According to a Wednesday statement from the CAA, the Ministry of Planning’s original report had an even higher estimate of the cost of corruption: LE257 billion per year. 

Why all the hate?

In addition to a job description that involves exposing public corruption, Geneina has two major political liabilities: he was appointed to his post by former President Mohamed Morsi, and he got on the bad side of Justice Minister Ahmed al-Zend.

His association with Morsi leaves Geneina vulnerable to accusations of supporting the banned Muslim Brotherhood, a charge Geneina denies. The group is outlawed in Egypt, and popular conspiracy theories posit that a wide variety of foreign governments are working in concert with the Brotherhood to destabilize the Egyptian state

In a July interview with Mada Masr, Geneina denied that there is a personal conflict between himself and Zend. However, their rivalry dates back to at least 2009, when Zend narrowly defeated Geneina for presidency of the Judge’s Club in an election marred with allegations of government interference. After being appointed head of the auditing agency, Geneina attempted to audit Judge’s Club accounts, resulting in a series of lawsuits between the two.

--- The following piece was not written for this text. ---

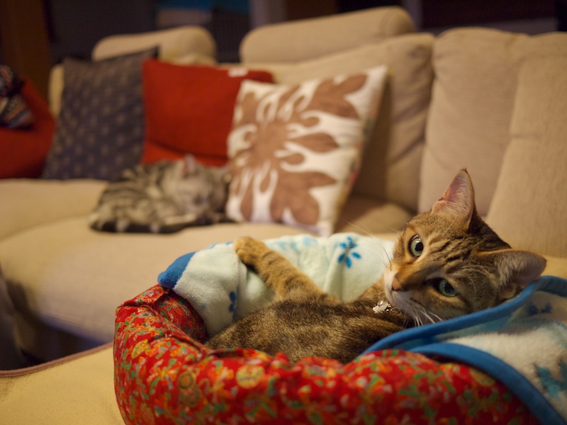 ひとつ悪い点というと、夜に私がベッドで寝ていると、必ずハナがやってきます。
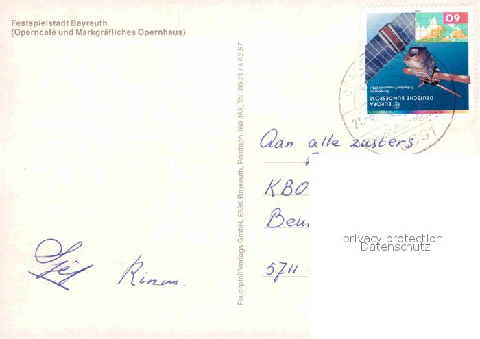 72855936 alte Postkarte Bayreuth Festspielstadt Operncafe Markgraefliches Opernhaus postalisch gelaufen Erhaltung siehe scans [FriedD77] KatCode: 11110009462000

Geneina is currently facing charges of insulting the judiciary for statements alleging corruption in the Judge’s Club. He also told Mada Masr he believes Zend is the driving force behind an effort to change the law that shields the head of the CAA and other supervisory agencies from dismissal.

Can Geneina legally be fired?

With Geneina potentially facing prosecution over the corruption report, the question of whether or not he can be sacked has taken on renewed urgency.

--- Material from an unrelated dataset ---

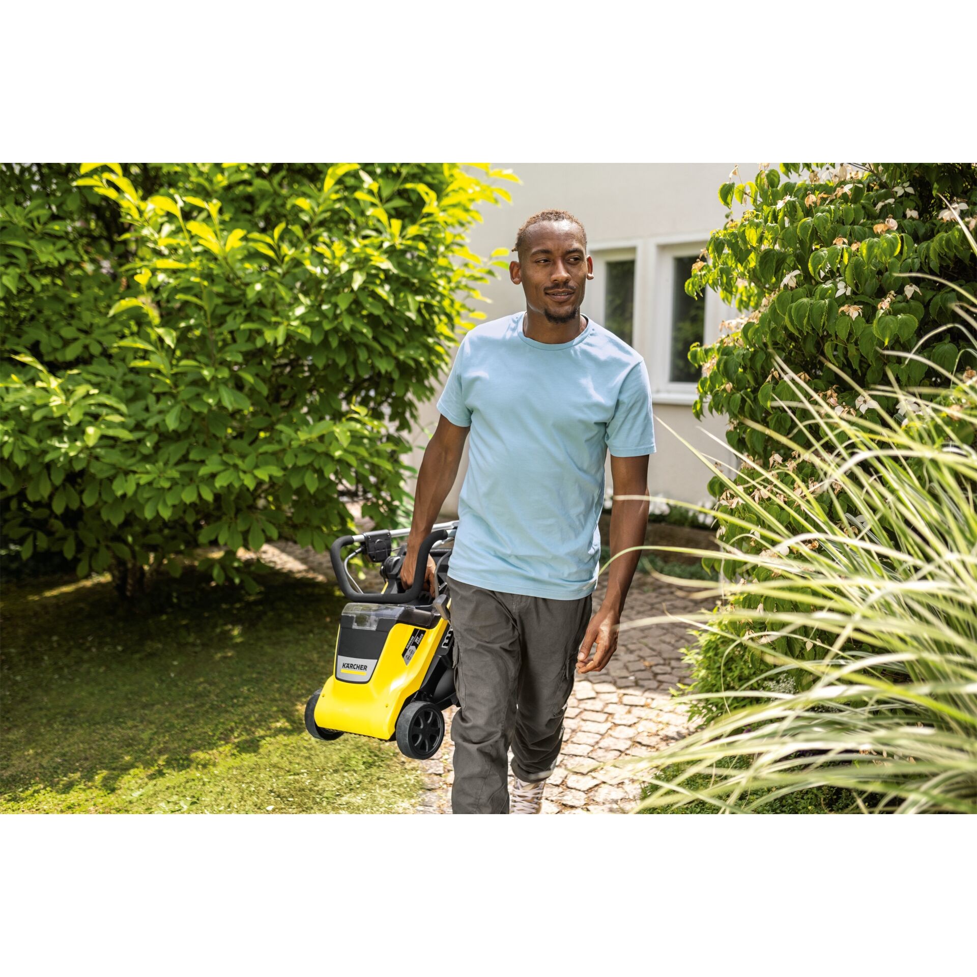 Powerful and very mobile: Powered by 2 18 V batteries and brushless 36 V motor, the LMO 4-18 Dual is the ideal solution for lawns up to 450 m 2. The low weight makes the mower particularly manoeuvrable and mobile, making it easy to steer over uneven terrain and around obstacles.  The working width is 37 cm, a central cutting height adjustment allows the cutting height to be adjusted in 5 steps from 25 to 65 mm. Thanks to the intelligent motor control, the iPower function ensures that the speed of mowing automatically adapts to the grass conditions. Lawn combs automatically detect grass growing near the edge.  With the 2-in-1 mowing system, the mowed crop is evenly distributed on the lawn as fertilizer via a mulch wedge or collected in a large 40 litre grass catcher - for long mowing without stopping.  The guide handle is height-adjustable for a comfortable working posture. If the pole is folded, it can be stored in a very space-saving way. For transport via stairs and ledges there is a large, stable carrying handle. Compatible with all replaceable batteries of the 18 V Kärcher Battery Power battery platform.

According to the bylaws of the CAA, its head is appointed to a four-year term, cannot be fired, and cannot even resign without a presidential decree accepting resignation. Geneina was appointed in September 2012, which means his term is not due to expire until September of this year.

Article 216 of Egypt’s constitution states that each autonomous organization or regulatory agency — meaning the CAA, the Central Bank, the Financial Supervisory Authority and the Administrative Control Authority — shall be enacted by laws “defining its competences and regulations” and guaranteeing independence. It also states that the heads of regulatory agencies cannot be fired “except in the cases stated in the law.” 

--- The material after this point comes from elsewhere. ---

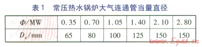 根據(jù)式(1)可計(jì)算出各種規(guī)格的常壓熱水鍋爐必須配備的大氣連通管的當(dāng)量直徑,圓整至公稱直徑,見表l。

In July 2015, Sisi passed a law giving him the power to removed the head of the CAA and other supervisory bodies if they “harm national security” or fail to carry out the missions of their position. That law was ratified by parliament this week.

The conflict between the CAA bylaw and the new law allowing the head of the agency to be fired creates a legal controversy.

“The law organizing the dismissal of heads of regulatory bodies is a general law. That is why some consider it to trump the special law concerning the regulatory body that prohibits the dismissal of its head. If this logic is enforced, it will be possible for the president of the republic to dismiss Geneina from his position on the basis of that law,” says Tarek Abdel Aal, head of the legal unit at the Egyptian Initiative for Personal Rights.  

Taha, Geneina’s lawyer contends that the law does not apply to Geneina unless the CAA’s bylaws are amended “through parliament and upon the approval of the organization itself.”

However, Article 215 of the Constitution does not require that the CAA and other independent agencies approve of amendments to their laws, only that they be consulted first.

In light of this debate, there are two possible scenarios if the state wants to get rid of Geneina: Either ignore the CAA’s bylaw and fire him directly by presidential decree, or parliament can amend the laws governing regulatory bodies to be in harmony with the impeachment law, after which the president will be free to dismiss Geneina and propose another candidate to parliament without having to wait for Geneina’s end of term in September.